I don't think I've ever seen that Audi before, that is awesome looking!
Sorry I'm no longer around here anymore guys (I know I say it every time too lol but I am.) I touched LFS a few times the past few months only to discover.... LFS doesn't calculate suspension geometry one bit which is rather depressing.
Anyways, I probably haven't shown much pictures in the past year so here's the quick update:
I've been low, it was fun and looked great.
Time to make it handle for real.
Please explain because the suspension geometry affecting setup parameters on LFS is one of the best things about it. I can't think of a game that does it as well as LFS does but that's the reason I ask you to explain because I don't think I'm understanding what you mean.
I think (don't take it as truth, I swore I read it but I can't find it anywhere) that as part of the tyre physics updates was some enhancements to the suspension geometry model. LFS still does it much better than most "simulators" still.
While it may work fine on some models, the McPherson strut is beyond completely wrong. Also take note of every setup in LFS. Pretty much slammed to the ground (or rather... low as possible until you hit the ground). In the real world, it doesn't work like that at all. On some suspension models it may work, but to make full use of it still requires specific parts such as roll angle adjusters, which are real parts that are really made.
BUT.. again I'm learning as I go here and haven't looked beyond anything in the game except the McPherson strut. Typically or rather in EVERY McStrut car you find the arm is just above or near pointed up towards the center of the car. As the arm flattens out the mcstrut has a very small (but some) gain in camber. Anywhere beyond that it goes major positive.
To prove that point, look at just about every FWD or other mcstrut race car and look how high they truly sit. (Don't look at the tube frame chassis race cars.. the ones that actually use the monobody instead). You'll see they sit just as high or nearabouts of the stock cars because that's the only place they can sit without major modification to either the knuckle, or the subframe (both of which can be doable, but it's a bit rare to see on "stock" race cars).
The McStrut in LFS continues to gain camber no matter how low you go; which is 100% inaccurate. There are also plenty of other changes in caster etc. that go into changing that height as well, which I don't believe is calculated either.
The fastest McStrut FWD cars in LFS right now are the lowest ones with lowest CG and beyond improper suspension geometry.
In the real world you'll see every FWD McStrut car is nearabouts stock height that wins AutoX and trackdays... because they have to remain near stock height to get the best out of the suspension arms.

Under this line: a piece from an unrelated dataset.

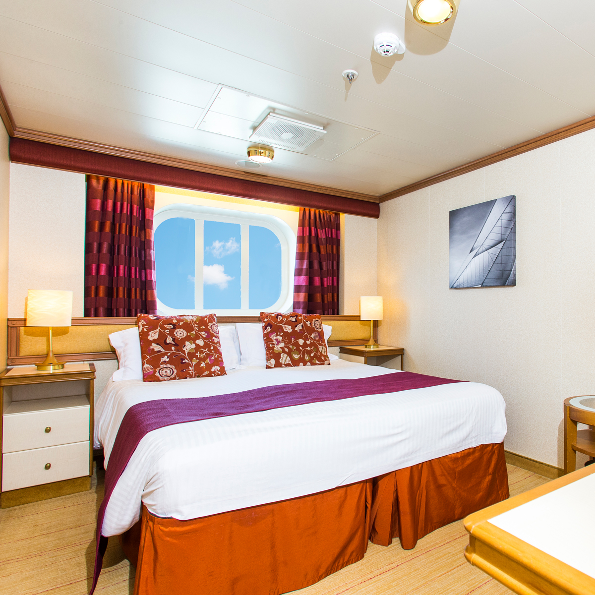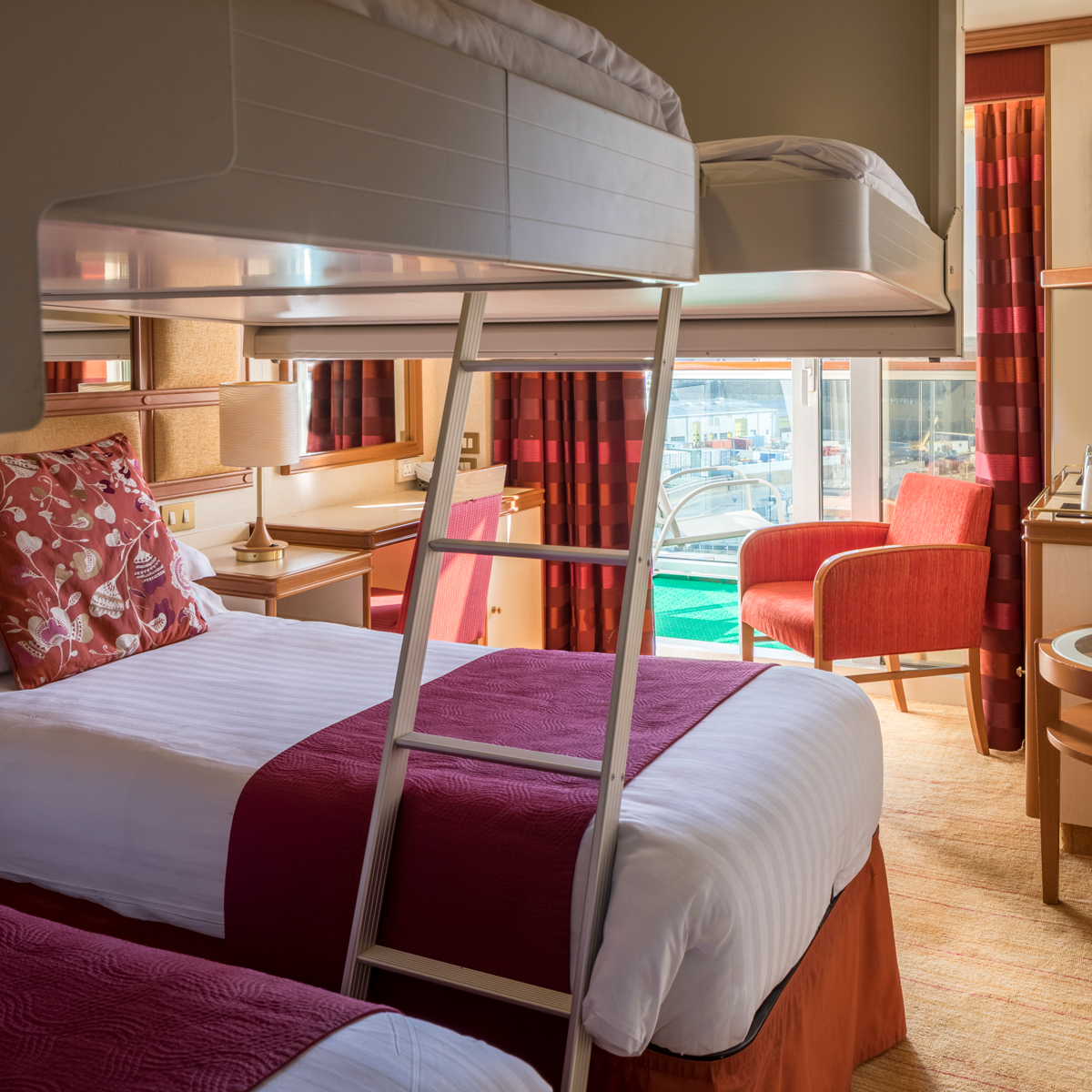 Die Außenkabinen sind auf fast allen Schiffen von P&O Cruises verfügbar – mit Ausnahme der Britannia. Bitte beachten Sie, dass bei einigen Kabinen die Sicht aufgrund der Bauweise des Schiffes teilweise eingeschränkt oder verdeckt sein kann.

I can't dispute what you're saying here about the MacPherson stuff, because quite frankly I don't have a counter-argument or full understanding no that but what I will dispute is that a low ride-height isn't realistic.
For a road/ish car the lower the better, you'd only want to raise the ride-height for aerodynamic purposes other than extreme bottoming out. Essentially you lower it to the point in which is grinds something sufficiently like I said, the only time you'd raise a ride-height against the general rule would be to aid a rear diffuser or such via increased underbody air-flow.
I assume you're referring to the lower the ride-height the less movement in the suspension itself but if this wasn't realstic for setups then F1 wouldn't be using the tyre for the majority of the suspension dynamic.
EDIT : I see that you're suggesting the physical limitations of actually running a Mac P strut stops you from running it below x ride-height.